Seattle to Chicago on the Empire Builder

The rate of exchange of CAN$.0.75=US$1 is awfully good. A CAN$2400 ticket for two in an open section, upper and lower, runs about US$1850. The Seattle-Chicago run would be paid for with Guest Rewards points.

I rode the old Canadian in the 1980s before it was moved from the Canadian Pacific to the Canadian National. The Mrs. and I rode the latter-day Canadian four years ago, in October.

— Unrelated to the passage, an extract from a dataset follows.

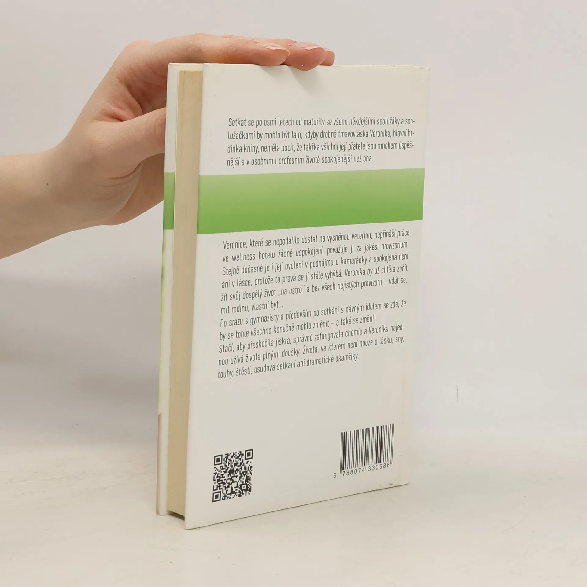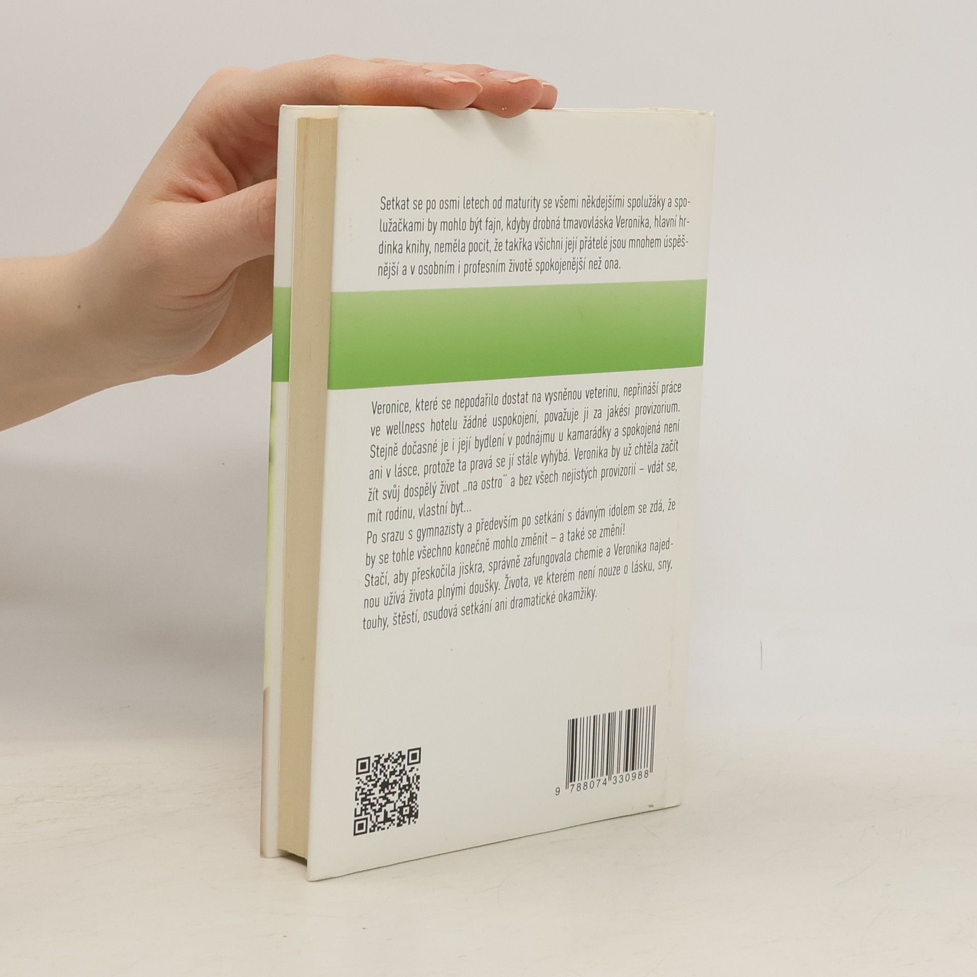 Setkat se po osmi letech od maturity se všemi někdejšími spolužáky a spolužačkami by mohlo být fajn, kdyby drobná tmavovláska Veronika, hlavní hrdinka knihy, neměla pocit, že takřka všichni její přátelé jsou mnohem úspěšnější a v osobním i profesním životě spokojenější než ona. Veronice, které se nepodařilo dostat na vysněnou veterinu, nepřináší práce ve wellness hotelu žádné uspokojení, považuje ji za jakési provizorium. Stejně dočasné je i její bydlení v podnájmu u kamarádky a spokojená není ani v lásce, protože ta pravá se jí stále vyhýbá. Veronika by už chtěla začít žít svůj dospělý život „na ostro“ a bez všech nejistých provizorií – vdát se, mít rodinu, vlastní byt... Po srazu s gymnazisty a především po setkání s dávným idolem se zdá, že by se tohle všechno konečně mohlo změnit – a také se změní! Stačí, aby přeskočila jiskra, správně zafungovala chemie a Veronika najednou užívá života plnými doušky. Života, ve kterém není nouze o lásku, sny, touhy, štěstí, osudová setkání ani dramatické okamžiky.

Is there a downside to this trip?


----------



## Kat314159 (Sep 1, 2015)

Ummm.... Frostbite? Sounds quite nice, I've been thinking of taking a similar trip myself.


----------



## pennyk (Sep 1, 2015)

Go For It!!!!!

I took the Canadian from Toronto to Vancouver in December 2010 (I think). Although the days were short, the snow made everything beautiful. I am a life long Floridian, and the snow and cold made the adventure even more exciting. I got to experience "below zero" temperatures (in Winnipeg) for the first time ever.

I lucked into an "express deal" which was about a 75% discount, so the fare was terrific. Everything about the trip was great, even though there was a freight derailment on the tracks ahead of us and we had to sit for ten hours. Many of us occupied ourselves in the Park Car with yoga and wine.


----------



## Bob Dylan (Sep 1, 2015)

No downsides Henry! Seeing Canada as a Winter Wonderland from a warm train, especially a Dome, is a real trip, as the saying goes!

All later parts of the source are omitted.